• _TO DO_:
Under this line are records; the part from the line containing "Charcoal tee featuring" through the line containing "行情太好不知道选什么?涨幅空间超50%的标的看这张图就够了。" should be repeated exactly. Please exclude pictures.

• _RAW DATA_:
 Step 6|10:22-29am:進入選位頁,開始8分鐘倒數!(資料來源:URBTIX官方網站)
--
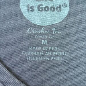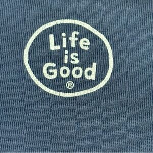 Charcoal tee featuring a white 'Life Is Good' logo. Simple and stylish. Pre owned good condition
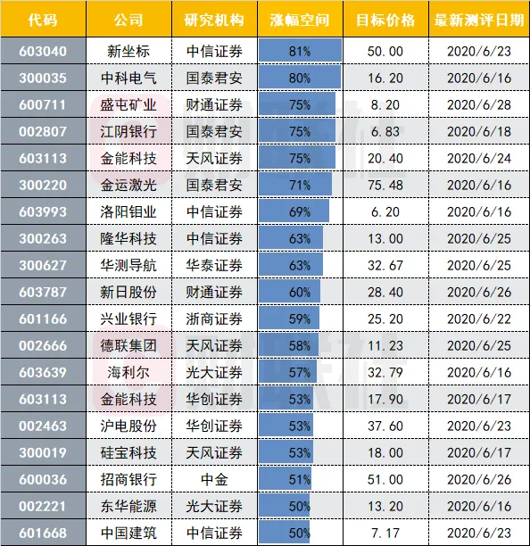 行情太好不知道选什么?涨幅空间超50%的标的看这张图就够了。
==
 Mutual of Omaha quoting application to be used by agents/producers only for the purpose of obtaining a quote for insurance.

• _COMPLETED TASK_:
 Charcoal tee featuring a white 'Life Is Good' logo. Simple and stylish. Pre owned good condition
 行情太好不知道选什么?涨幅空间超50%的标的看这张图就够了。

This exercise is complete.